One area he expects the group to focus on heavily, he added, is how those procedures would work in the event a failing firm had several units operating across international borders. In that case, the expectations of the domestic and host countries would need to be properly understood, he said.

In the speech, Mr. Dudley also said regulations crafted since the financial crisis have done much to safeguard the largest lenders in the U.S., but he said more work was needed to study the potential side effects, in particular on the ease of trading.

Now that the rules have made all major securities firms in the U.S. part of bank holding companies subject to routine capital and safety checks, Mr. Dudley said providing these firms with access to the discount window could be a worthwhile addition. Currently, the Fed's discount window is only available to depository institutions, and the law hampers the ability of a bank to pass along discount window funding to its securities unit.

"To me, this is a more reasonable proposition now than it was prior to the crisis, when the major dealers weren't subject to those safeguards," he said.

Overall, Mr. Dudley said in the speech, market liquidity—or the ability to transact securities easily in large sizes and at reasonable sizes and costs—has worsened in some ways since the financial crisis, but may have actually improved in others.
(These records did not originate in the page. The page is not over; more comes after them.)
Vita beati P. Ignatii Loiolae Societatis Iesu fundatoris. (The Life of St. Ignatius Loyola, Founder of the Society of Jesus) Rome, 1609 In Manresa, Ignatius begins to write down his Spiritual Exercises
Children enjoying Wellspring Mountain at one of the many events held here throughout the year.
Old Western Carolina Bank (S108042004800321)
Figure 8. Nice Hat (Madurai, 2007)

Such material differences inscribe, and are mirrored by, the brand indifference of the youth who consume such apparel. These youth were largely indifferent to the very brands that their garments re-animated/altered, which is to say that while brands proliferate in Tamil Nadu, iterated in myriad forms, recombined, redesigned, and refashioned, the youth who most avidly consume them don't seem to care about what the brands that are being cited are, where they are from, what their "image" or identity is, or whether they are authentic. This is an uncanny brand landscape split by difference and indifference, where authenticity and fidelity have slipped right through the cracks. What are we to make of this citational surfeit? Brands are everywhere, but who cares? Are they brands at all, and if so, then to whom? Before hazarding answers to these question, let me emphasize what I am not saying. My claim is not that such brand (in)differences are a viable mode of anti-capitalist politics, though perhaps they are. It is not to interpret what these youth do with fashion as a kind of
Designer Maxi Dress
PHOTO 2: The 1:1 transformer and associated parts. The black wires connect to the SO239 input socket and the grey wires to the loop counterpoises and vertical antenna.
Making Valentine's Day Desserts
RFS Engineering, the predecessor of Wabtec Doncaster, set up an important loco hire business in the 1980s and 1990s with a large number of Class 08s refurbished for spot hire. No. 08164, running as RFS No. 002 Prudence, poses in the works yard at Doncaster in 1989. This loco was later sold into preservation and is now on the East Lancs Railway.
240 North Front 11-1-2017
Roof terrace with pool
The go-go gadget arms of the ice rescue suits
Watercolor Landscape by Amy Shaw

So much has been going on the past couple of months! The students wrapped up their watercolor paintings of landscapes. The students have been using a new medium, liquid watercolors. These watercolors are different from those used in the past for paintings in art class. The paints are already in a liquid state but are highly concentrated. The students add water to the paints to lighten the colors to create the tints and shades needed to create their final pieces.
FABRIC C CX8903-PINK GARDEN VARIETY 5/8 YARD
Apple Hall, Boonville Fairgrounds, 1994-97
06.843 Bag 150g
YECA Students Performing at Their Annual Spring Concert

He said it isn't clear that rules have been the most important driver behind those shifts, but acknowledged that the rules had played a role. Existing studies on the changes, he said, were insufficient because the metrics available so far "don't tell the whole story."

"While increases in regulatory requirements have undoubtedly played a role, I think that other nonregulatory factors are also important," he said.

Write to Katy Burne at katy.burne@wsj.com

 

(END) Dow Jones Newswires

May 01, 2016 20:45 ET (00:45 GMT)

Copyright (c) 2016 Dow Jones & Company, Inc.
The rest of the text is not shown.